Indian Scenes is the result of a close collaboration
between Henry Franklin Belknap Gilbert and Edward Curtis, who was a renowned
photographer and lecturer. Titles of the Indian Scenes correspond to Curtis'
photographs, from which Gilbert drew his inspiration, and the music reveals the
influence of the phonographic recordings which Curtis had made in the course of
his anthropological excursions in the North American continent. The music is
quite solemn and mysterious, and follows very closely the declamatory style of
many Indian chants.
With its respect
for the original themes and its simple but effective harmonization, Lyrics
of the Red Man, by Harvey Worthington Loomis, allows us to sense the
peculiarities of Indian songs, which in many cases contain a concealed meaning,
and do not show any of the spontaneous attributes so typical of our popular
music. The themes which Loomis uses in these three pieces are derived from Omaha tribal music. The first refers to the ritual of the
sacred pipe, the second is a song of sorrow, while the third presents us a
motif from a children's game, coupled with a more lyrical motif drawn from the
Omaha Wa-Wan ceremony.
An impressionist
sensitivity pervades Une Jeune Indienne, composed by George Templeton
Strong during his extended Swiss sojourn on the shores of Lake Geneva. This composition is taken from his suite Au Pays
Des Peaux- Rouges, in which the composer seemingly undertakes an imaginary
voyage in the search for a vanished Indian world whose existence still lingers
in his imagination.
Arthur Farwell is
represented in this panorama by only two examples of his vast array of
compositions based on Indian sources. The first, A Song of Peace, draws
its inspirations from the Omaha Sacred Pipe ceremony, while the second, in
contrast, Navajo War Dance, evokes the more savage aspect of Indian
nature. Farwell himself writes, with reference to this contrast, that "too
many people think of the American Indian only as a savage. I have depicted
in my Indian music many phases of Indian life which were far from being savage,
but true to its quaint, poetic and picturesque aspects as well as to its
mythological conceptions.
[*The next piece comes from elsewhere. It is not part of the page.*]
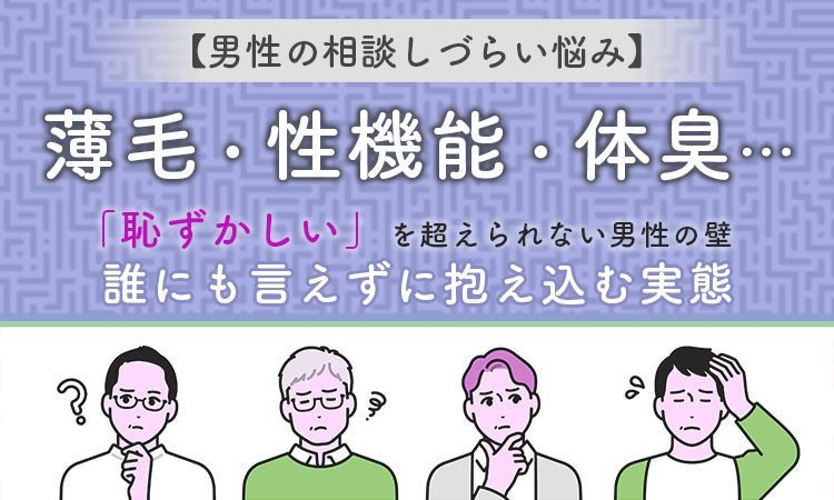 【男性の相談しづらい悩み】薄毛・性機能・体臭…「恥ずかしい」 を超えられない男性の壁 。誰にも言えずに抱え込む実態

Being criticized because of these matters as being
untrue to this "savage" Indian nature, I wrote the Navajo War
Dance in the hope of gratifying my critics in this respect..."
The journey along
this Indian trail ends with Some Indian Songs and Dances by Blair
Fairchild. Perhaps reputing illusory any attempt to revive the authentic Indian
chant by means of a piano, the composer has avoided the use of illustrations in
preference to a style "in the manner or' Indian themes; with no
little success it would seem, judging from the evocative, distinctive results
obtained in the short works presented here.